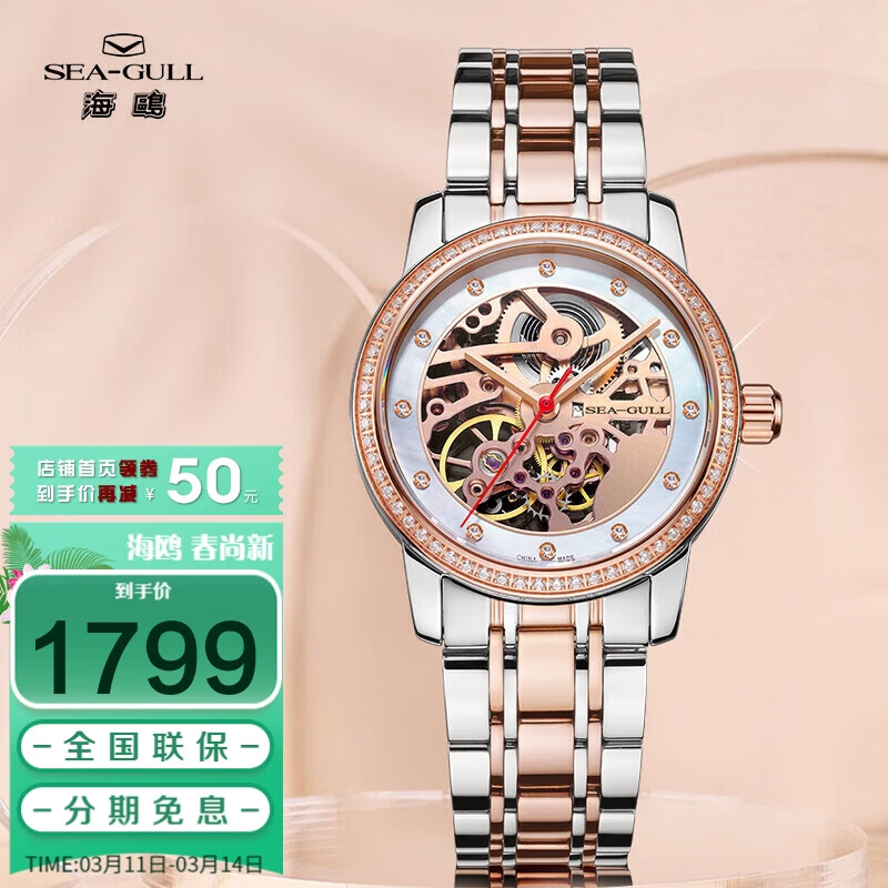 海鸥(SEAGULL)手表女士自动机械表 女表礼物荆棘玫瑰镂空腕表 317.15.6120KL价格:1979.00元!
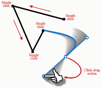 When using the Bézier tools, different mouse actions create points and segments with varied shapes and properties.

* * *

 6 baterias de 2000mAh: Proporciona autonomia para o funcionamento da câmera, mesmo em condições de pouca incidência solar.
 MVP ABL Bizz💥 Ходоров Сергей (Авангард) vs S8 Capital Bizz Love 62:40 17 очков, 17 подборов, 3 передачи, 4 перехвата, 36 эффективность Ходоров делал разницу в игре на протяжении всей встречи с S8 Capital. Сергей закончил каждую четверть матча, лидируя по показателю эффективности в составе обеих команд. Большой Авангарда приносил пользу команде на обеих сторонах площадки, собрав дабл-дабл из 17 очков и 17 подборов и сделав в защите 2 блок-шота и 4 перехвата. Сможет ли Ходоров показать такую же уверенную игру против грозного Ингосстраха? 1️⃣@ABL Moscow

*What you will do*. Within the material above, only the stretch from the line holding "海鸥(SEAGULL)手表女士自动机械表 女表礼物荆棘玫瑰镂空腕表 317.15.6120KL价格:1979.00元!" through the line holding "When using the" is to be restated exactly. Pictures are dropped.

*Answer to the exercise*.
 海鸥(SEAGULL)手表女士自动机械表 女表礼物荆棘玫瑰镂空腕表 317.15.6120KL价格:1979.00元!
 When using the Bézier tools, different mouse actions create points and segments with varied shapes and properties.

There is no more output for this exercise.